| Work instructions |
The lines to return run from the start of the material below through the line holding "简爱的一生都在与命运抗争。在", both included; please give them back exactly, minus the pictures.
##### Collected material #####
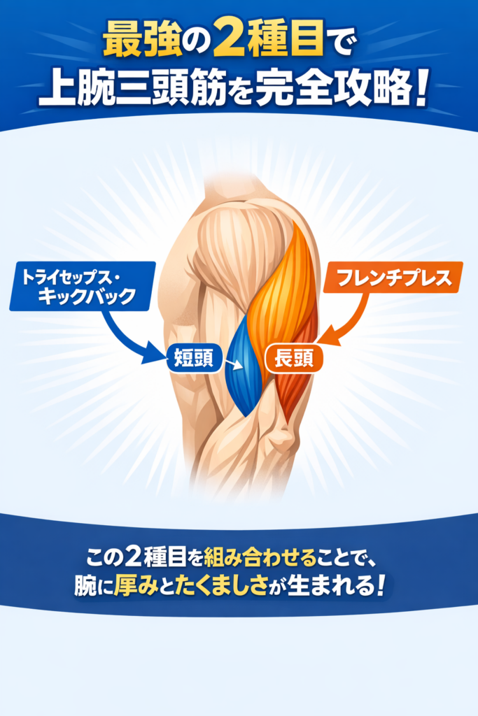 その理由は、上腕三頭筋が持つ3つの部位(長頭、短頭)を、この2種目でバランス良く鍛えられるからです。トライセップス・キックバックは上腕三頭筋の短頭(外側頭・内側頭)を、フレンチプレスは特に長頭を強く刺激します。つまり、この2種目は、上腕三頭筋全体を発達させるための、非常に効率的な補完関係にあるのです。
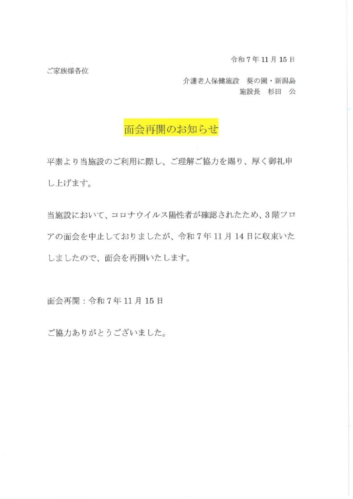 面会再開のお知らせ
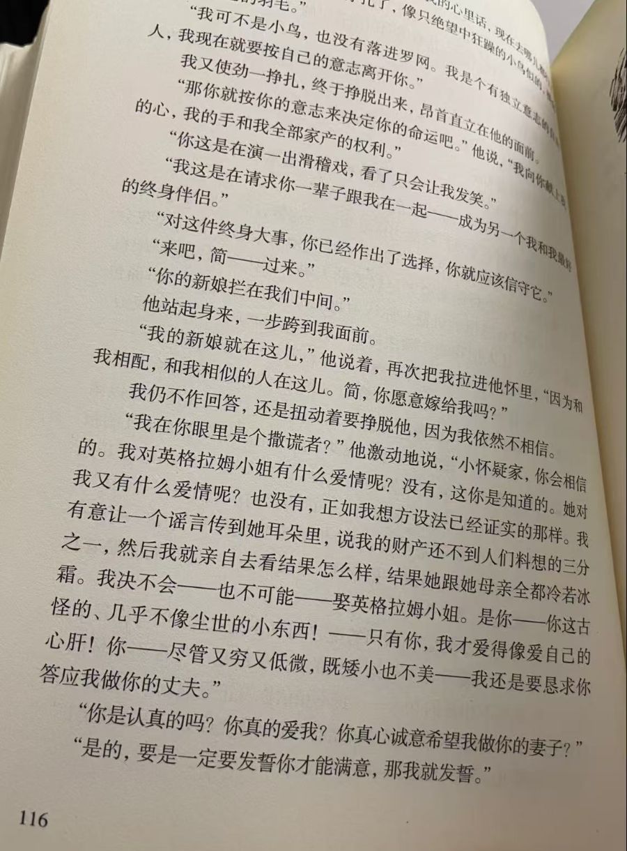 简爱的一生都在与命运抗争。在洛伍德孤儿院,她以知识为剑,劈开蒙昧的迷雾;在桑菲尔德庄园,她以尊严为盾,抵御世俗的偏见。面对罗切斯特的深情,她选择坚守内心的道德准则;面对圣约翰的求婚,她拒绝成为宗教的殉道者。每一次选择,都是对自我价值的确认,都是对独立人格的捍卫。
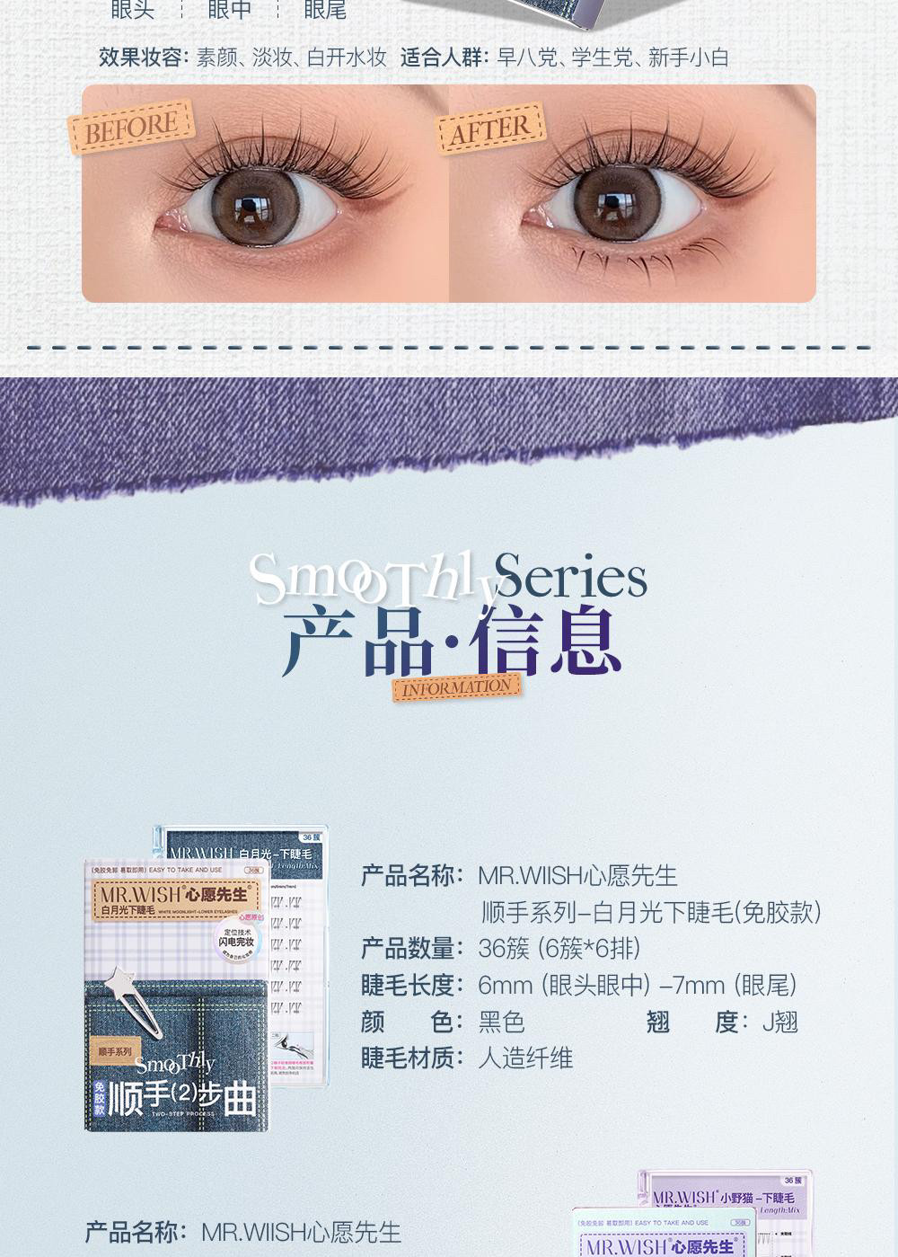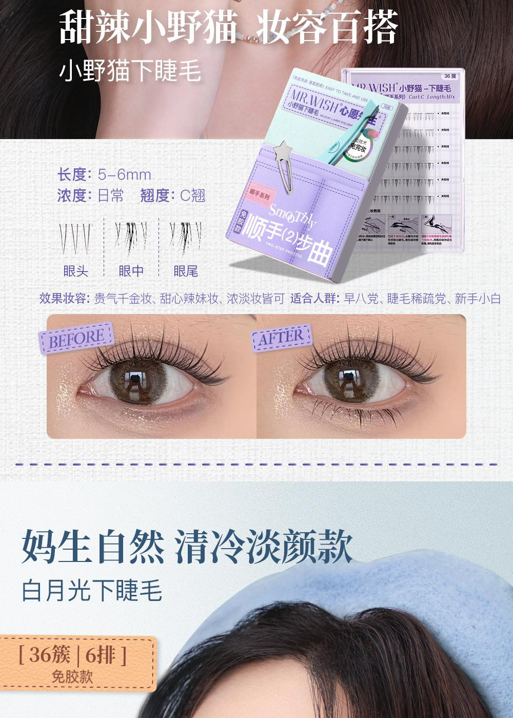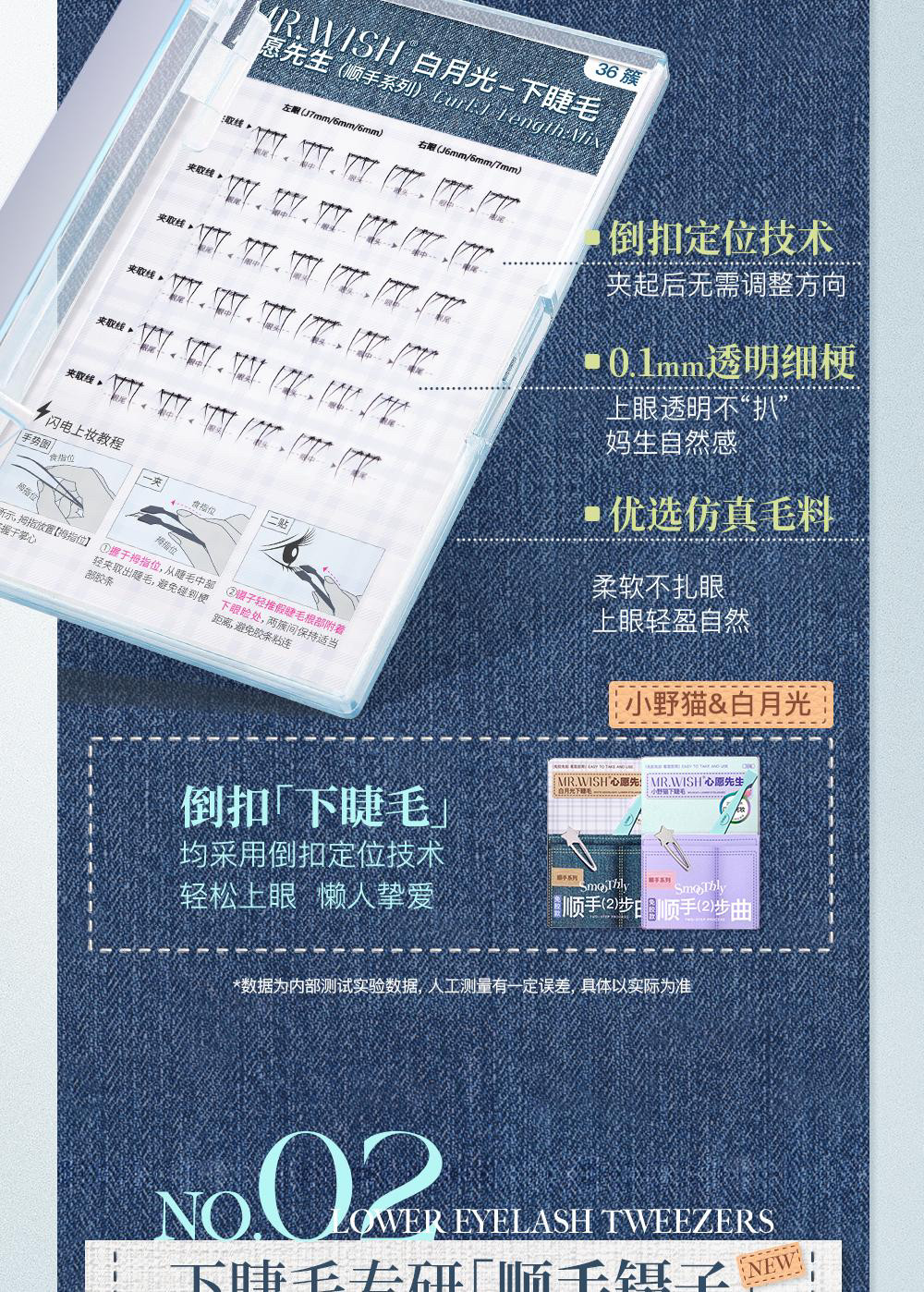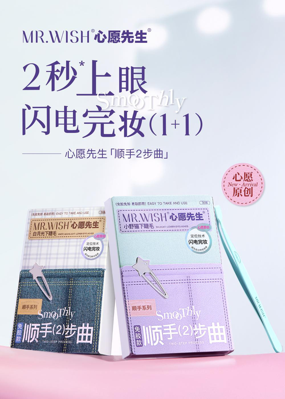 New Product: Three-Second Application for Lower Eyelashes, Breaking the Traditional Method of Applying Them. Mr. Wish's Glue-Free Lower Eyelashes, Stemless and Formaldehyde-Free
#####
| Response box |
 その理由は、上腕三頭筋が持つ3つの部位(長頭、短頭)を、この2種目でバランス良く鍛えられるからです。トライセップス・キックバックは上腕三頭筋の短頭(外側頭・内側頭)を、フレンチプレスは特に長頭を強く刺激します。つまり、この2種目は、上腕三頭筋全体を発達させるための、非常に効率的な補完関係にあるのです。
 面会再開のお知らせ
 简爱的一生都在与命运抗争。在洛伍德孤儿院,她以知识为剑,劈开蒙昧的迷雾;在桑菲尔德庄园,她以尊严为盾,抵御世俗的偏见。面对罗切斯特的深情,她选择坚守内心的道德准则;面对圣约翰的求婚,她拒绝成为宗教的殉道者。每一次选择,都是对自我价值的确认,都是对独立人格的捍卫。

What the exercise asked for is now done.